2015 GSA Annual Meeting in Baltimore, Maryland, USA (1-4 November 2015)

Paper No. 206-16
Presentation Time: 9:00 AM-6:30 PM


SMITH, Michael S. and HINES, Elizabeth, Department of Geography and Geology, University of North Carolina Wilmington, 601 South College Road, Wilmington, NC 28403, smithms@uncw.edu

Gold mining suffered a major decline in North Carolina after the discovery of the richer and more extensive gold deposits in California in 1848. However, the renewed interest in the southern gold fields triggered by the spectacular production in California led investors from the northern states to shop for mining properties during the growing national prosperity of the early 1850’s. The North Carolina gold miners who did not join the western rush continued to work the shafts of the Piedmont using new and increasingly sophisticated innovations such as hydraulic mining techniques and mercury amalgamation from California, until the advent of the Civil War.

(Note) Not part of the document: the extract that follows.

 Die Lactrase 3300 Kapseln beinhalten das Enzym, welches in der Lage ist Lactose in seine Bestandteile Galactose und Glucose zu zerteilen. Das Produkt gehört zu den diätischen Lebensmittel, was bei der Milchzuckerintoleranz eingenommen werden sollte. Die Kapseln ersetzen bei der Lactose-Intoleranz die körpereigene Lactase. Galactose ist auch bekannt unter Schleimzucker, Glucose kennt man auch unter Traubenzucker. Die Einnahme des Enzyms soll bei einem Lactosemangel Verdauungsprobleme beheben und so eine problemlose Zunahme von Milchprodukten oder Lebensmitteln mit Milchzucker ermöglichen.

From the end of Reconstruction (1877) to 1930, gold mining in North Carolina was sporadic and often funded by outside investors, which led to some rampant speculation and get-rich-quick schemes. The work of the North Carolina Geological Survey under W. C. Kerr (1865-1882), and later publications by Nitze and Hanna (1896) and Nitze and Wilkins (1897), produced a flurry of complimentary scientific papers about various mining regions that were read by mining engineers as well as by potential investors. The glimmers of promise brought about by these reports, as well as the newspaper stories and articles, provided the speculators with a framework for their scams.

Probably the most flamboyant of these grifters was Walter George Newman (1860-1918), who epitomized the credo of this period - speculate, sell mining stocks, and run away with the profits. Although speculators like Newman reinvigorated the mining industry to line their own pockets, they generally produced little gold. This was because copper mining, with gold and silver as secondary products, drove most of the mining fervor during this period. It used increasing complex technology and had associated environmental issues. Even with the technology and the labor available, more money was made selling paper or speculating on metals futures than by actually extracting gold, silver, or copper from the earth.

Following the Great Depression of the 1930s, gold prices and production slowly increased until the Second World War, but never became a major industry in the South as they were out-competed by more profitable gold fields in the western United States, Alaska, Canada, Australia, and South Africa.